**Quick method**

The left hand side is an upright quartic (positive coefficient of #x^4#) which intersects the #x# axis at the four zeros: #-5, -1, 1, 2#.

So it will be negative precisely in the intervals #(-5, -1)# and #(1, 2)#.

Here's a graph of #y = 1/20 (x+5)(x-2)(x-1)(x+1)# ...

graph{(x+5)(x+1)(x-1)(x-2)/20 [-10, 10, -5.5, 4.5]}

#color(white)()#

**A little slower...**

Let #f(x) = (x+5)(x-2)(x-1)(x+1)#

#f(x)# is a continuous function which is zero when #x in { -5, -1, 1, 2 }#, so does not satisfy the inequality #f(x) < 0# at those points.

These points divide the Real line into #5# intervals in which the sign of #f(x)# cannot change:

#(-oo, -5), (-5, -1), (-1, 1), (1, 2), (2, oo)#

Since the zeros are each of multiplicity #1# - which is an odd number - the sign does change at each of these points.
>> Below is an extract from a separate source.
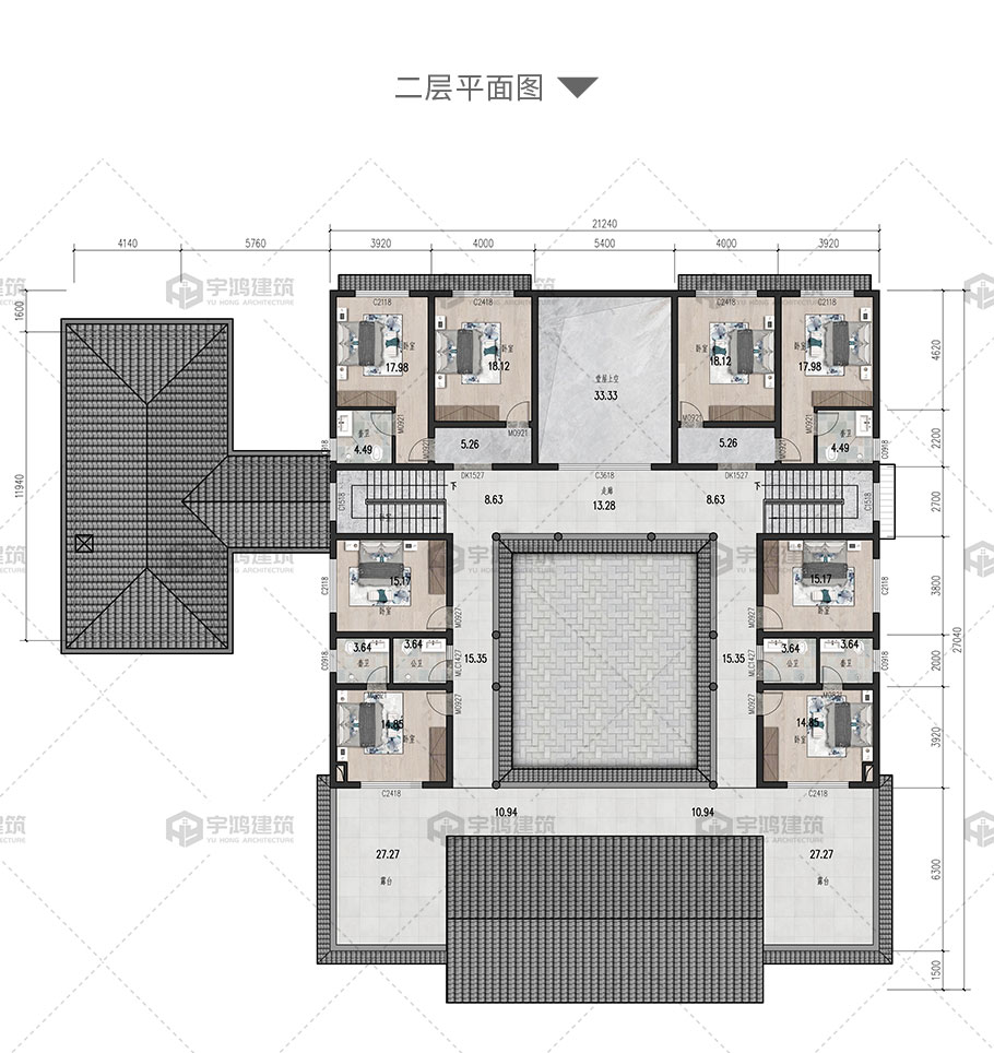640平帶獨(dú)立柴火房中式別墅效果圖

When #x < -5#, the sign of each of the linear factors is negative. When they are all multiplied, the result is positive.

That is, when #x < -5#:

#{ ((x+5) < 0), ((x-2) < 0), ((x-1) < 0), ((x+1) < 0) :}#

Hence #(x+5)(x-2)(x-1)(x+1) > 0#

So #f(x)# has the following signs in each of the #5# intervals:

#+, -, +, -, +#

respectively.

So #f(x) < 0# in #(-5, -1) uu (1, 2)#